Common Sense Virginia, an out-of-state group funded by the Democratic Governors Association, is running a series of negative TV ads admonishing McDonnell for his supposedly “career-long failure to stand up for laid-off Virginians,” and for leading the fight to reject $125 million in federal stimulus funds to extend unemployment benefits. This despite the fact the former attorney general wasn’t even in the legislature when Virginia became one of the first states to refuse it. What heartless monster, the ads imply, would turn down free money for laid-off workers?
But they don’t tell what the late Paul Harvey used to call “the rest of the story.” The real question is what responsible public official would take the money, knowing full well that the federal strings attached will strangle future job creation?
The House of Delegates rejected the $125 million because they would have been forced to make permanent changes in Virginia law that extended unemployment benefits to 6,867 part-time workers and another 1,043 in retraining programs– who would still be eligible for benefits after the federal stimulus funds ran out.
States that accept the money are not allowed to include an automatic cut-off date, so the expansion would be a permanent new entitlement. The governors of Alabama, Alaska, Louisiana, Mississippi, South Carolina and Texas also turned down all that “free money” because it would wind up costing employers millions more down the road.
Virginia’s unemployment benefits had already been extended from 26 weeks to a year and two months without the disputed $125 million, House Speaker William Howell told me. So why is three percent of Virginia’s $4 billion stimulus package becoming such a big issue in the campaign?

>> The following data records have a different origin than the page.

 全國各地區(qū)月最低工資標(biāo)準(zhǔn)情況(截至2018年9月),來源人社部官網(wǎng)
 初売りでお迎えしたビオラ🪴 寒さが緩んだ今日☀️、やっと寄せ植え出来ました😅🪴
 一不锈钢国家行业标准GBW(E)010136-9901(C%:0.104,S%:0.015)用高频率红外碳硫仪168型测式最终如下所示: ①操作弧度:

Under Gov. Tim Kaine, who also happens to be chairman of the Democratic National Committee, unemployment in Virginia nearly doubled to 6.8 percent. That’s not exactly something to brag about when you’re asking people to keep your party in office.

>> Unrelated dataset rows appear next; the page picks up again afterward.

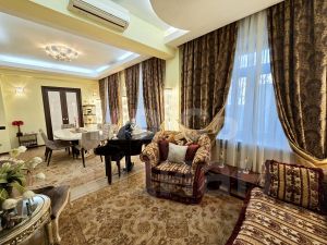 Номер Объекта: 2213. Звоните с 9.00 до 21.00. Эксклюзивное предложение на рынке! Трёхкомнатная квартира в районе Остоженки. Дом 1926 года, памятник культурного наследия. Окна на две стороны, во двор и в палисадник. Выполнен высококачественный дизайнерский ремонт с использованием дорогих материалов. Планировка: 30м² гостиная, 22м² спальня, 12м² кабинет, 12м² раздельный санузел, 8м² кухня, 6м² гардеробная. Закрытая территория, охрана, круглосуточное видеонаблюдение. Тёплый кирпичный дом, высокие потолки, отличная звукоизоляция. 4 минуты пешком до станции метро Парк культуры, Кропоткинская 9 минут пешком.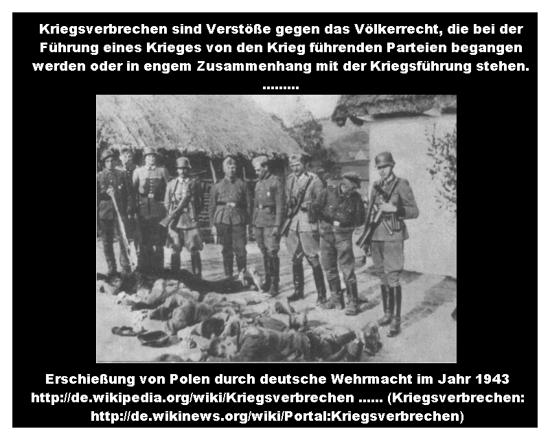 http://www.imi-online.de/2002.php?id=2308 Picture: Kriegsverbrechen sind Verstöße gegen das Völkerrecht, die bei der Führung eines Krieges von den Krieg führenden Parteien begangen werden oder in engem Zusammenhang mit der Kriegsführung stehen. ....... Erschießung von Polen durch deutsche Wehrmacht im Jahr 1943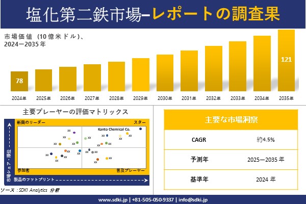 塩化第二鉄市場に関する当社の調査レポートによると、塩化第二鉄市場規模は 2035 年に約 121億米ドルに達すると予想されています。さらに、2024 年の 塩化第二鉄市場規模は約 78億米ドルとなっています。塩化第二鉄 に関する市場調査レポートでは、市場は 2025-2035 年の予測期間中に約 4.5% の CAGR で成長するとも述べられています。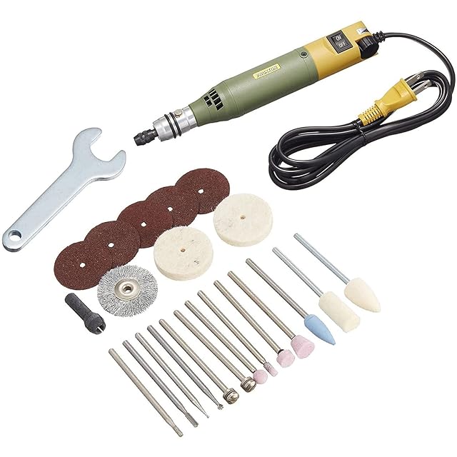 セット内容:ミニルーター本体・収納ケース・コレットチャック2.35/3.0mm用(各1個)・ダイヤモンドビット2種(各1本)・ハイスビット2種(各1本)・純毛バフ(軸付き)2種(各1本)・純毛バフ(ディスク)2枚・軸付き砥石(WA)4種(各1本)・シリコンバフ1本・切断砥石5枚・ワイヤーブラシ(鉄)1枚・専用シャフト2本・専用ビットケース1個・ツールスタンド 1個・スパナ 1本

Attacking McDonnell for a vote he didn’t even make diverts attention from the real issue: Virginia is losing jobs. Raising payroll taxes will accelerate this process, not reverse it.
The government can force employers to lay off workers, but even President Barack Obama himself can’t force them to hire. FDR found this out the hard way when all of his make-work efforts barely dented the double-digit unemployment that plagued his administration long after the Great Depression had ended in Europe.
In “New Deal or Raw Deal?,” historian Burton Folsom, Jr. quotes FDR Treasury Secretary Henry Morgenthau, who frankly told the House Ways and Means Committee: “…We have tried spending money. We are spending more than ever spent before and it does not work…after eight years of this Administration we have just as much unemployment as when we started… And an enormous debt to boot!”
It was only when FDR launched a massive military buildup in 1941 that unemployment finally fell below 10 percent. But since President Obama plans to scale back military production, so there won’t be surge of ship-building in Newport News anytime soon.
The current strategy could very well backfire when it becomes clear that two Democratic governors are leaving Virginia with growing ranks of unemployed workers – not exactly something they want voters to think about when they go to the polling place this November.
Barbara F. Hollingsworth is The Examiner’s local opinion editor.